DATA SEGMENT:
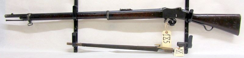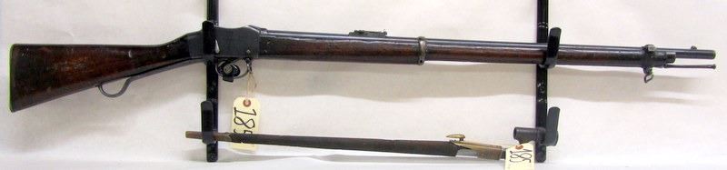 ANTIQUE, SINGLE SHOT, .577-450 MARTINI-HENRY, 33 INCH BARREL, SN 660. WOOD IS WORN AND DENTED, CHIP BEHIND RECEIVER. BLUEING IS WORN, WITH PITTED PATCHES. BORE IS DARK AND PITTED, WITH STRONG RIFLING. COMES WITH BAYONET, SCABBARD IS IN POOR CONDITION.
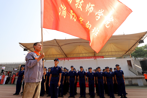 大會上,2021級消防救援專業(yè)定向班學員向2022級意向班傳遞班旗,全體領導現(xiàn)場為消防救援專業(yè)定向班隊員佩戴紅花。
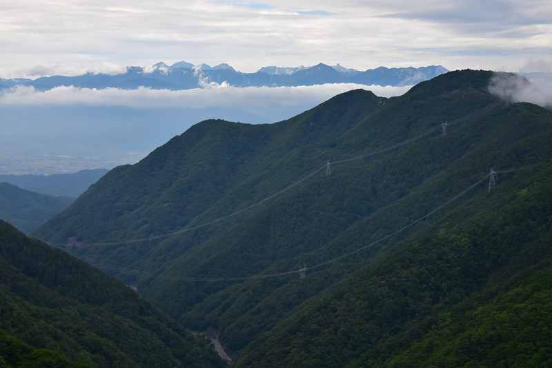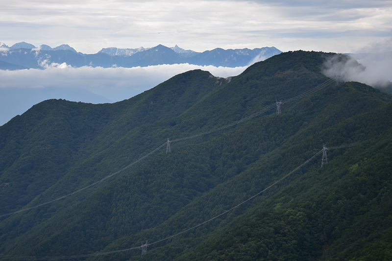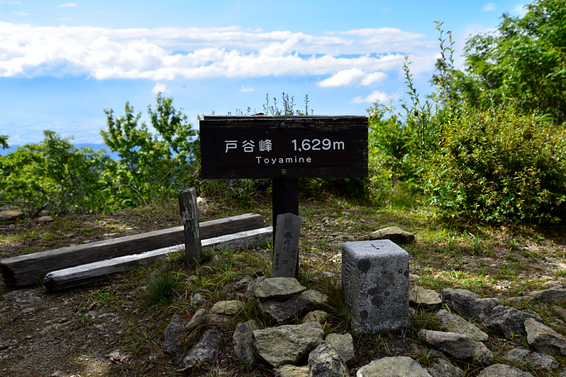戸谷峰に到着。歩いてきた道を振り返りました。正面の山は六人坊。
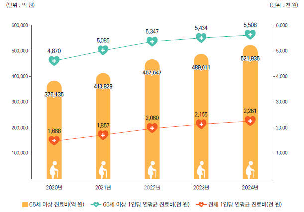 노인 1인당 의료비도 증가 추세다. 지난해 65세 이상 1인당 연평균 진료비는 약 550만 8000원으로 전체 1인당 연평균 진료비(226만 1000원 년 대비 약 2.4배에 달한다.

TASK PROMPT: Write out an exact copy of the listing, first line through the line containing "戸谷峰に到着。歩いてきた道を振り返りました。正面の山は六人坊。", with the pictures left out.

THE ANSWER:
 ANTIQUE, SINGLE SHOT, .577-450 MARTINI-HENRY, 33 INCH BARREL, SN 660. WOOD IS WORN AND DENTED, CHIP BEHIND RECEIVER. BLUEING IS WORN, WITH PITTED PATCHES. BORE IS DARK AND PITTED, WITH STRONG RIFLING. COMES WITH BAYONET, SCABBARD IS IN POOR CONDITION.
 大會上,2021級消防救援專業(yè)定向班學員向2022級意向班傳遞班旗,全體領導現(xiàn)場為消防救援專業(yè)定向班隊員佩戴紅花。
戸谷峰に到着。歩いてきた道を振り返りました。正面の山は六人坊。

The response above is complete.